Drug efficacy assessments were made 2 hours after the final dose. Safety was assessed after each dose was administered and when the participants were discharged later in the day. Follow-up efficacy and safety assessments were made via telephone on day 2, and in-person on the 8th day following the test.

After this, all trial participants were enrolled in a 6-month follow-up in which they were eligible for up to five escalating-dose treatment sessions. This meant that even those in the placebo group in the first part of the trial were now eligible to receive GH001 therapy.  

The current paper, which focuses mainly on results of the first, 8-day phase of the trial, notes that among the 40 individuals who received the active drug, 9 (22%) received one 6mg dose; 21 (53%) received 6 and 12mg doses; and 10 (25%) received 6, 12, and 18mg doses. The drug’s psychoactive effects in these patients was, as expected, relatively brief: 9-14 minutes, on average (with a range of between a few minutes to just under an hour).

The drug appeared to be quite effective: those receiving it “achieved rapid reductions in symptoms of depression,” with improvements in scores on the MADRS scale judged “statistically significant and clinically meaningful.” From a 29 score, a typical recipient of the active drug scored 15.5 points lower 8 days later—a score corresponding with mild to moderate depression symptoms. “GH001 treatment also resulted in large improvements in symptoms of anxiety, global illness severity, and patient-reported quality of life vs. placebo at day 8.” At that same point, 8 days after the treatment was received, 23 of the 40 individuals receiving the active drug (57%) were in clinical remission, compared with none of the 41 who received placebo.

Relatively minor side effects were reported, with nausea being most common (42%), followed by excess saliva production (seen in various other drugs, including some antipsychotics) and paresthesia (a "pins and needles" sensation, tingling, or numbness, a common effect of psychedelic drugs), both reported by 20% of the 40 subjects getting GH001. All of these effects were transient, and there were no instances of severe side effects or impact on, for example, suicidal ideation.

Analysis of the second, 6-month phase of the trial is preliminary. Of the 23 who were in remission at the start of this second phase (all having received active drug in the first phase), 3 (13%) were still in remission after 6 months and received no further treatments.
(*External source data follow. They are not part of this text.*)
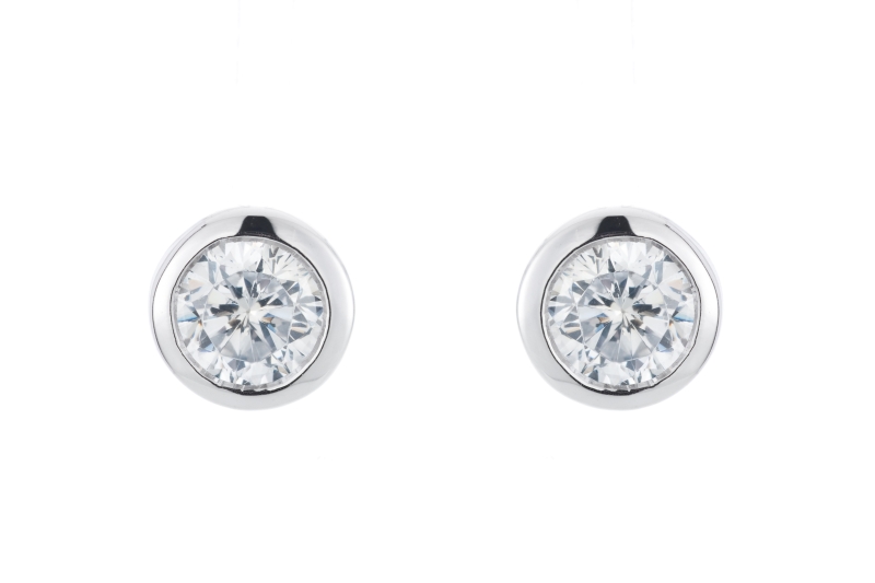 Hopeiset pyöreät korvakorut kirkkailla zirkoneilla C10402
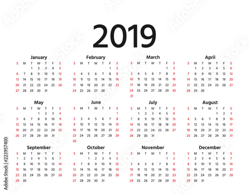 2019 Calendar. Vector. Week starts Sunday in minimal simple style. Stationery 2019 year horizontal template. Yearly calendar organizer for weeks. Landscape orientation, english.
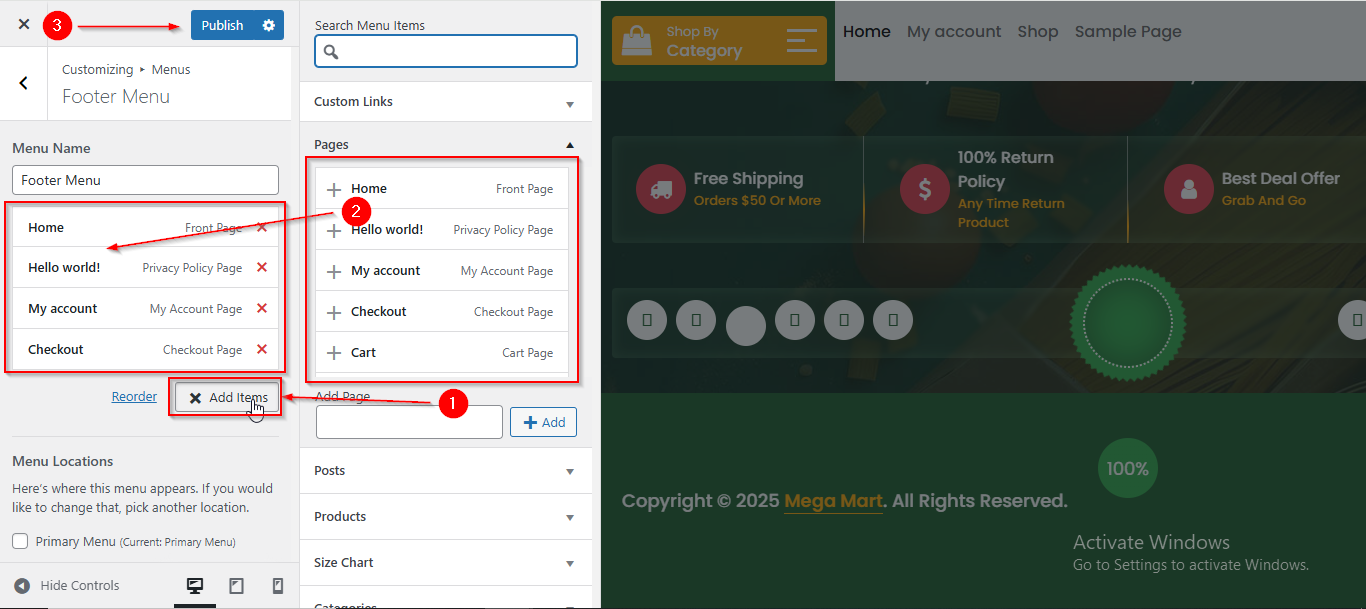 In this article, you’ll learn how to set up and customize the Menu of the Mega Mart Pro theme, This guide will help you configure these settings to align with your site’s branding and functionality needs.
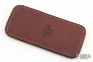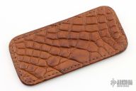 This leather slip sheath by Robertson Leather Works features tan alligator skin. It is 4.75" long by 2.25" wide. New from maker at the 2024 Blade Show Texas.
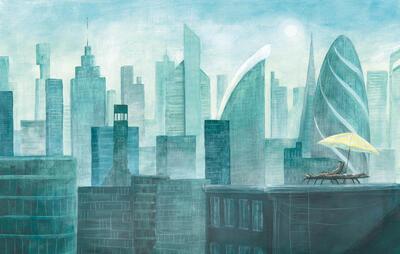 In de illustratie wil ik die paradox tussen ontspanning en dreiging weergeven. De uitwerking ervan deed ik in acrylverf op papier.
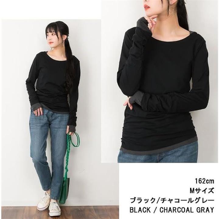 ゆる カットソー きれいめ 長袖 透けない (L) チャコール |
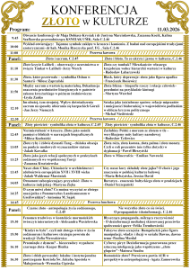 Złoto pojmujemy bardzo szeroko – zarówno jako kruszec, jak i metaforę czegoś wartościowego, związanego ze statusem społecznym, długim trwaniem tradycji i idei. Złoto można rozumieć również jako skarb, rzadkie, lecz pożądane wartości i style życia, do których się dąży – doskonałość, miłość, a dziś może również bezpieczeństwo. Tak rozumiane złoto może stać się jednak obiektem manipulacji lub przedmiotem propagandy – falsyfikatem i imitacją. Jest też symbolem materializmu i sławy, co odnosi nas do kapitalizmu, kultury politycznej i medialnej. Złoto nie jest więc symbolem jednoznacznym: z jednej strony odwołuje do sacrum, z drugiej do profanum, dlatego stanowi ciekawy klucz interpretacyjny kultury współczesnej. Rewersem złota jest dla nas błoto – to co nieczyste i związane z trudnościami, lecz potencjalnie oczyszczające i umożliwiające transformację. Proponujemy więc dziesięć zagadnień tematycznych, związanych ze znaczeniem złota w kulturze:
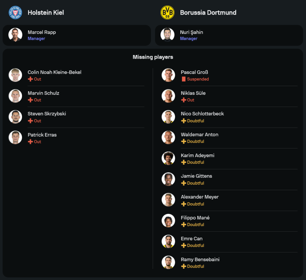 ด้าน “เสือเหลือง” ภายใต้การคุมทีมของ นูริ ชาฮิน ยังต้องขาด ปาสคาล โกรส ที่ติดโทษแบน แต่ตัวหลักอย่าง จูเลียน บรันด์ท และ เซบาสเตียน ฮัลแลร์ พร้อมลงสนาม เกมนี้จะมาในระบบ 4-2-3-1 โดยมี ฮัลแลร์ ยืนหน้าเป้าคอยล่าสกอร์

The 20 other participants in remission met criteria for additional treatment during the 6-month follow-up, beginning between weeks 2 and 12 of the period. Five received 1 or 2 treatments, while 15 received 3-4 treatments over the 6 months. After the 6-month period expired, 20 of 23 (87%) who had achieved remission after 8 days had regained that status after further “maintenance” treatments. The drug continued to be “well-tolerated, with no serious treatment-related adverse events over 6 months.”
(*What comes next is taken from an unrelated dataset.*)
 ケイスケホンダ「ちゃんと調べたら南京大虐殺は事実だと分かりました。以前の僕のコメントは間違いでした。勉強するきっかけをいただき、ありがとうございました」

The team noted that none of the trial participants received coaching or psychotherapeutic interventions over the full duration of the trial’s two parts. This is in contrast to some other trials of psychedelic drugs, in which guidance and coaching are integral parts of the treatment and are regarded not only a safety measure but may be related to therapeutic effects.

In addition to the “rapid, large, and significant reductions” in depression symptoms generated after a single day of treatment in the first phase of the study, the team said, “initial results from the 6-month follow-up suggest GH001 achieved long-term remission in patients with treatment-resistant depression, with infrequent dosing. The favorable safety and tolerability profile [of GH001], including short duration of psychoactive effects and rapid [patient] readiness for discharge [post-treatment] further supports its suitability for clinical use.”

Subsequent trials, which would involve larger numbers of patients, should include those with more severe depression symptoms and longer histories of treatment resistance as well as time since first illness onset, the team said.